Speaker of the Maine House of Representatives
- In office 1909–1910
- Preceded by: Donald A. H. Powers
- Succeeded by: Frank A. Morey

Personal details
- Born: April 14, 1860 Fairfield, Maine, U.S.
- Died: November 21, 1923 (aged 63) Portland, Maine, U.S.
- Resting place: Maplewood Cemetery Fairfield, Maine, U.S.
- Party: Republican
- Alma mater: Bowdoin College
- Occupation: Lawyer

= George G. Weeks =

American politician (1860–1923)

George Granville Weeks (April 14, 1860 – November 21, 1923) was an American lawyer and politician who was Speaker of the Maine House of Representatives from 1909 to 1910.

==Biography==
Weeks was born in Fairfield, Maine, on April 14, 1860, to George G. and Lucy (Howard) Weeks. He was educated in the Fairfield public schools and graduated from Bowdoin College with a bachelor's degree in 1882. He studied law in the office of D. A. McFadden and was admitted to the bar in 1885.

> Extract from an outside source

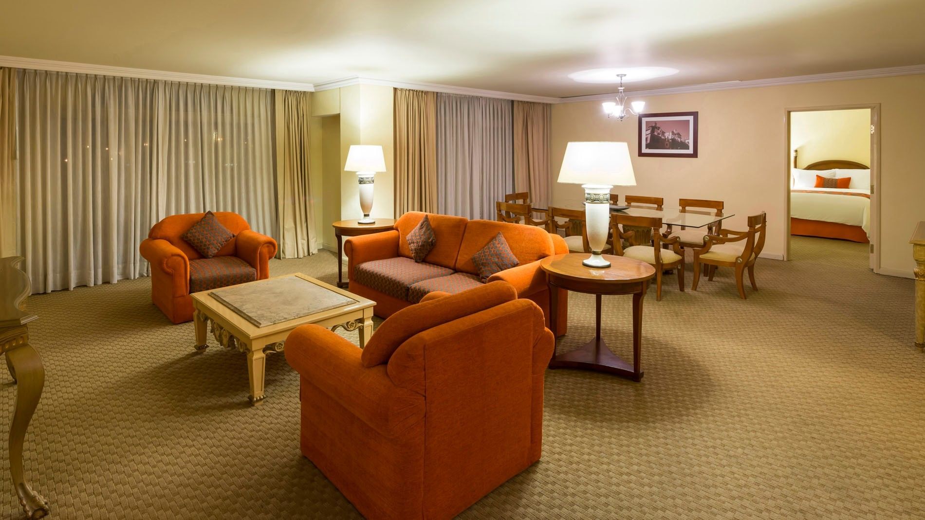 El máximo lujo y amplitud se encuentran en la Suite Presidencial, que abarca 104 m2; con dos habitaciones: una con cama king size y otra con cama doble. Con vistas al campo de golf, esta amplia suite incluye sala de estar, comedor y cocina completamente equipada con refrigerador, estufa eléctrica y microondas. Tres televisores de 55 pulgadas, dos líneas telefónicas y caja fuerte digital ofrecen comodidades modernas. La suite cuenta con dos baños completos con regadera y tina, además de un baño para visitas.

In 1887, Weeks married Lottie E. Friend of Carmel, Maine. They had three children – Harold, Helen, and Lucy. Harold Weeks was admitted to the bar in 1912 and formed the firm of Weeks & Weeks with his father. Their clients included the National Bank of Fairfield, Fairfield Savings Bank, Shawmut Manufacturing Company, United Paper Board Company, Fairfield Development Company, and Fairfield and Shawmut Railway.

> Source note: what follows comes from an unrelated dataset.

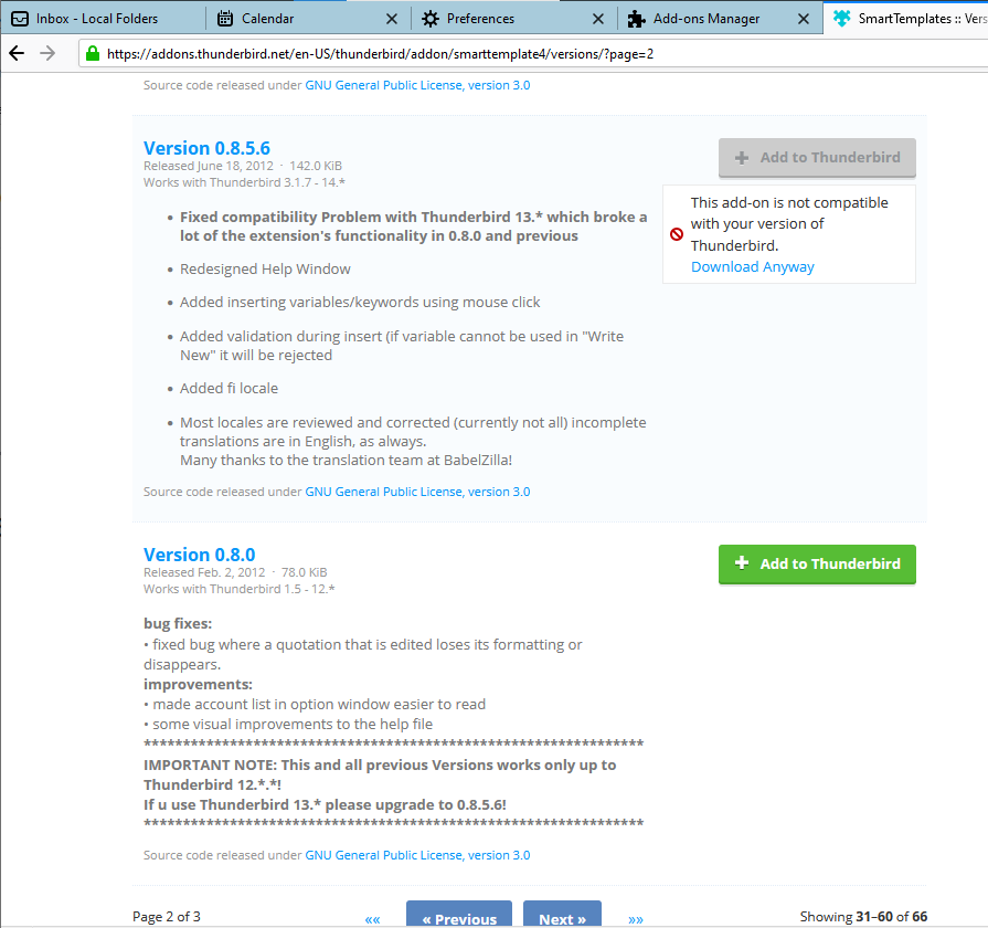 Hi, That is to illustrate the issue I am having. On the first page, all addons as you can see in the first image previously attached, are indicated as not compatible except for the Smart Templates. But if I go and view the version of Smart Templates that is compatible, it is not the latest version but as you say, a version from a decade ago. As you see from the second image previously attached, the newer versions are all not compatible. I have scroll thru all the versions and that is the version the button is green. Attached is image of the latest version mark as incompatible to clarify further. Could the version that my installation reports to the site is wrong? How to check that?

Weeks was Fairfield's superintendent of schools and a member of the board of selectmen and board of assessors. Weeks served three terms (1893, 1897, and 1909) in the Maine House of Representatives and two (1889 and 1902) in the Maine Senate. He was Speaker of the House during his final term. It was rumored that he would challenge incumbent governor William T. Haines for the Republican nomination in the 1914 Maine gubernatorial election, but chose not to enter the race.

On November 21, 1923, Weeks had a heart attack while checking into a hotel in Portland, Maine. He died on the way to the hospital.